What is my purpose? It’s a question often asked at times of personal or professional change. For those with a calling or vocation – teachers, doctors, therapists, the police and emergency responders, the answer might simply be, ‘to teach, heal, care or help’. But when we lose our sense of purpose, we become disconnected and lose a part of our self. This is often precisely the moment in a client’s life when we meet them for the first time.
Zoe Davenport leads a national police psychological health surveillance programme and writes this issue’s lead article on working with the police. She describes the force as ‘the punchbags of society’, and her article makes for sobering reading: ‘I have worked with police officers who have been stabbed or shot, run over, or had their jaw or limbs broken; and most horrifically, set on fire.’ Little wonder that Zoe argues for a properly funded national standard of clinical support for the police – which begs the question, why isn’t it already in place?
The answer, unlikely to surprise anyone working with the public sector, appears to lie in chronic underfunding and a lack of staff and resources. This makes tough work even tougher and it lowers morale. Not only are police officers retiring earlier because they are no longer able to endure a 30-year career physically or mentally, but the OH staff who support them are in short supply, and few ‘helpers’ are drawn to work in a staff service so starved of investment.
It got me thinking about the wounds inflicted on employees, who become fodder for political distraction or expediency – from the GPs being told to ‘stop hiding’ by Sajid Javid, the Health Secretary, to the teachers accused of being idle during lockdown. In ‘My workplace’, I talk to Naomi Ward, a former English teacher, who coaches educators across the world to rediscover their sense of purpose. I was touched to learn how Naomi offers her love of language and metaphor to help those who can’t put words to what they have lost: ‘When we can’t find the words to express something that we are longing for, we find that the poets have already said it.’ This, Naomi says, helps us to transcend the fear that we are alone – the connection reassures us and it gives us courage.

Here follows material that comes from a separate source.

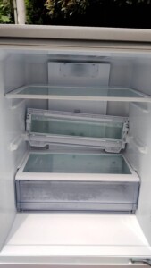 ・トレイや棚板、サイドポケットにはヒビ割れや傷などのダメージなし

In ‘When “old Mark” meets “new Mark”’, Anupama Garg explains that she was unable to find a single case study written by a workplace counsellor on their work with an employee experiencing long COVID. This gave her a sense of purpose to write one. And finally, if you or your clients need reacquainting with your sense of purpose, I hope you’ll read my interview with Eloise Skinner about her new book, The Purpose Handbook.